> _TASK DIRECTIONS_: Would you please repeat, word for word, only the lines from the one holding "1. Engage the" through the one holding "Vibrant red birds" in the material below, without the pictures?

> _RAW DATA_:
§

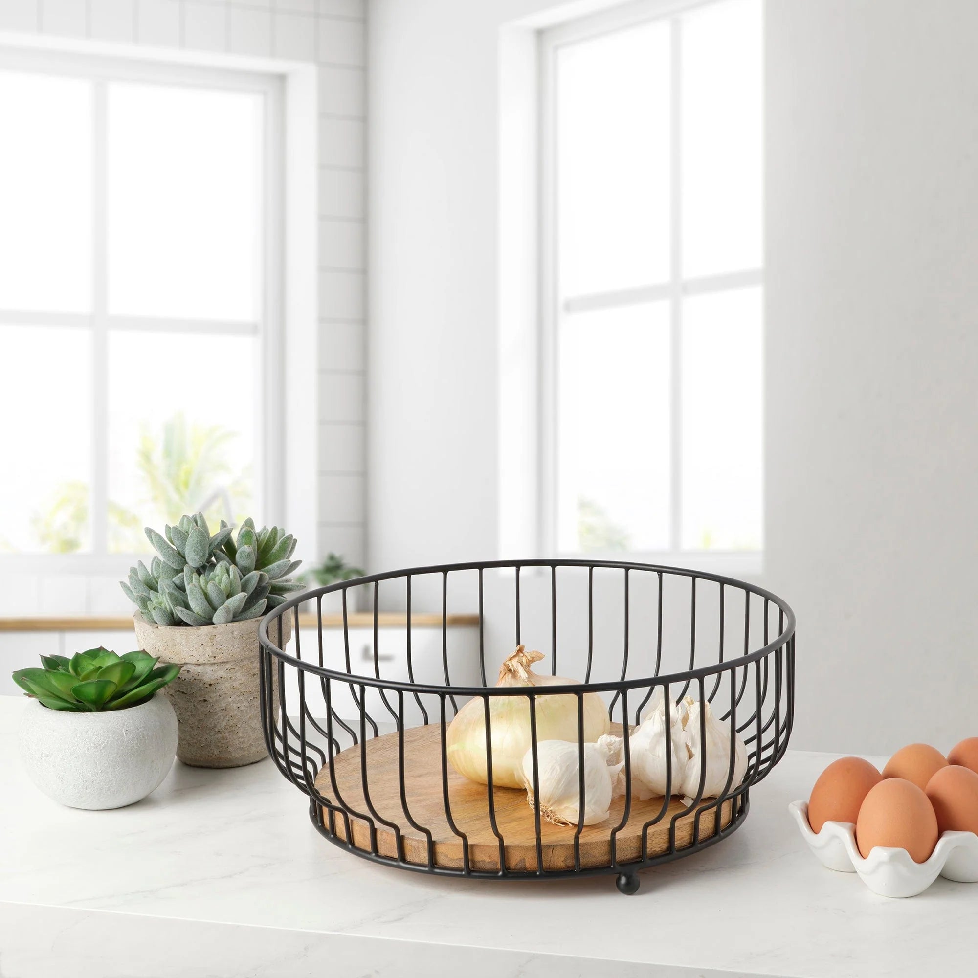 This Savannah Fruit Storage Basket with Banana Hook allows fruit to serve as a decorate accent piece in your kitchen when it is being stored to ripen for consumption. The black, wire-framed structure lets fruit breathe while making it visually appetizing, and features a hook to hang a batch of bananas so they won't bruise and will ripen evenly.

§

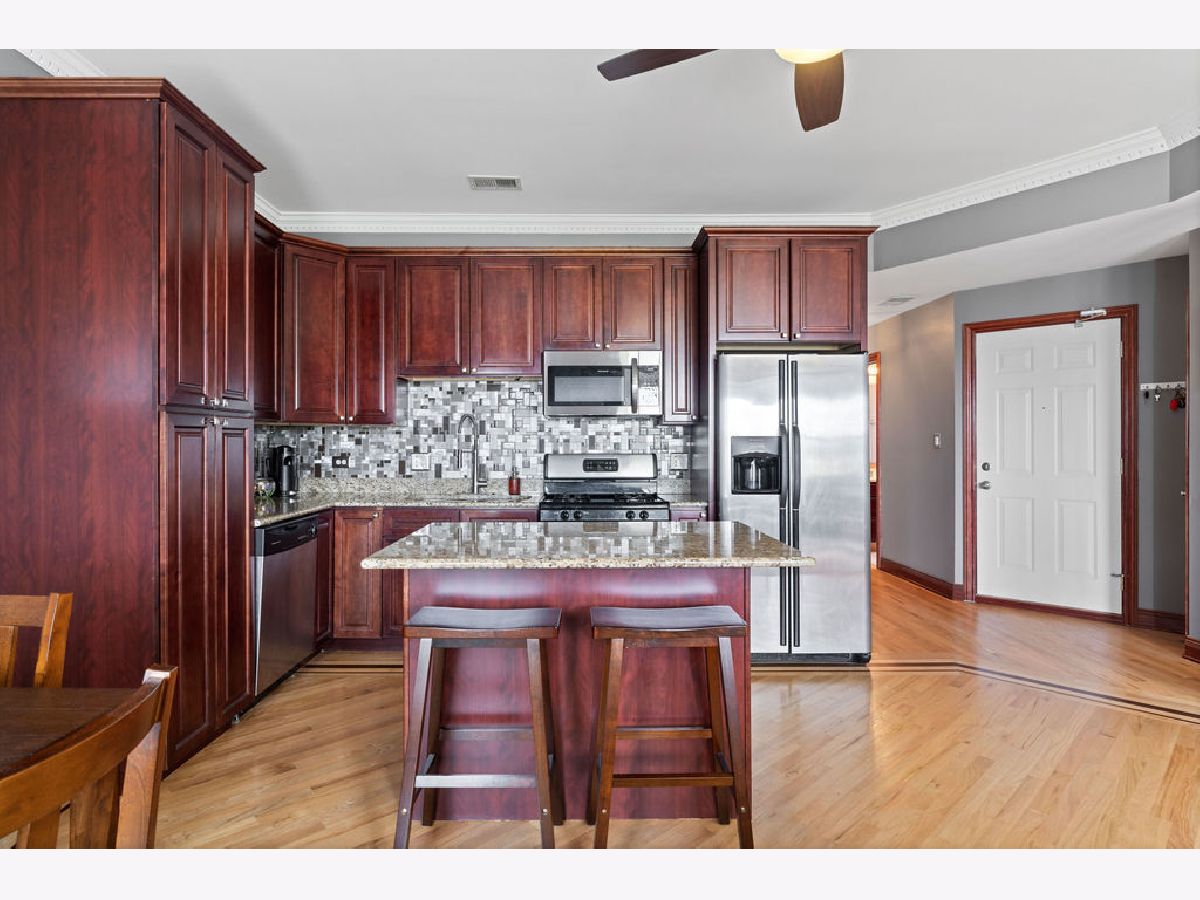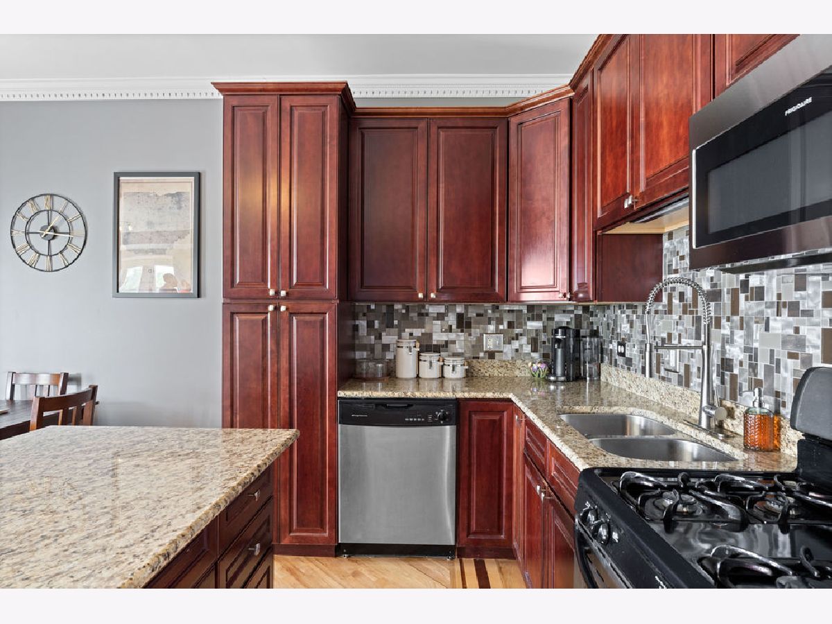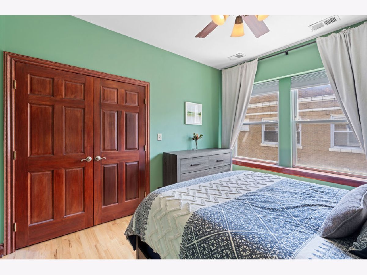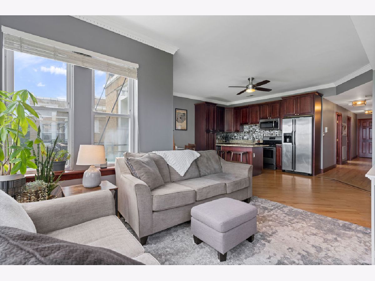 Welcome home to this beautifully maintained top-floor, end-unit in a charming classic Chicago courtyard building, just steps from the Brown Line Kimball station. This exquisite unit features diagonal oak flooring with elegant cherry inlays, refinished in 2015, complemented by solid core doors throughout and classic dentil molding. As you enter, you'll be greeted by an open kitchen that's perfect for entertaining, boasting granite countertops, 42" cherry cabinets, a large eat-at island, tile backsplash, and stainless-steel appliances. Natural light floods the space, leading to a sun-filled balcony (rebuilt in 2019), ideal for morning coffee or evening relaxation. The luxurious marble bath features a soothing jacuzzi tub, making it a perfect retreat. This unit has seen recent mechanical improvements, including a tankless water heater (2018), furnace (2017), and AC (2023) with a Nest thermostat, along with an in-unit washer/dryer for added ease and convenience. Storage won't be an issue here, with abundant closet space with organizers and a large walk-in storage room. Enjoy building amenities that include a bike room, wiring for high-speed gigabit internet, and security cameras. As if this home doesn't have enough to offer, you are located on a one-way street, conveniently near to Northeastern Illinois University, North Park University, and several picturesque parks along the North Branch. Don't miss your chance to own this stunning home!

§

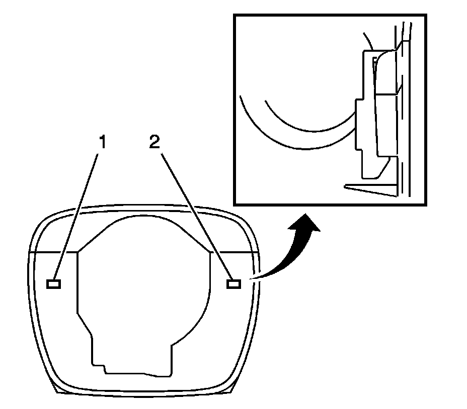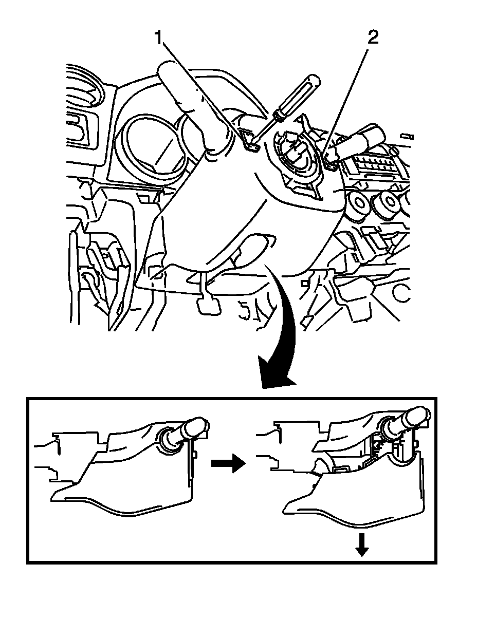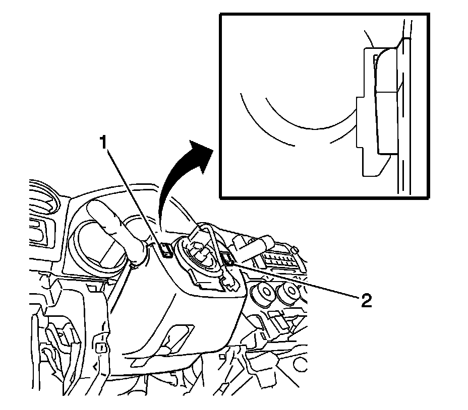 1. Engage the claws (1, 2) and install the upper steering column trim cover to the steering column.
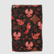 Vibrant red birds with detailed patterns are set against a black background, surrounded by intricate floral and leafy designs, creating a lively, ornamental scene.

§

> _RESPONSE TO THIS EXERCISE_:
 1. Engage the claws (1, 2) and install the upper steering column trim cover to the steering column.
 Vibrant red birds with detailed patterns are set against a black background, surrounded by intricate floral and leafy designs, creating a lively, ornamental scene.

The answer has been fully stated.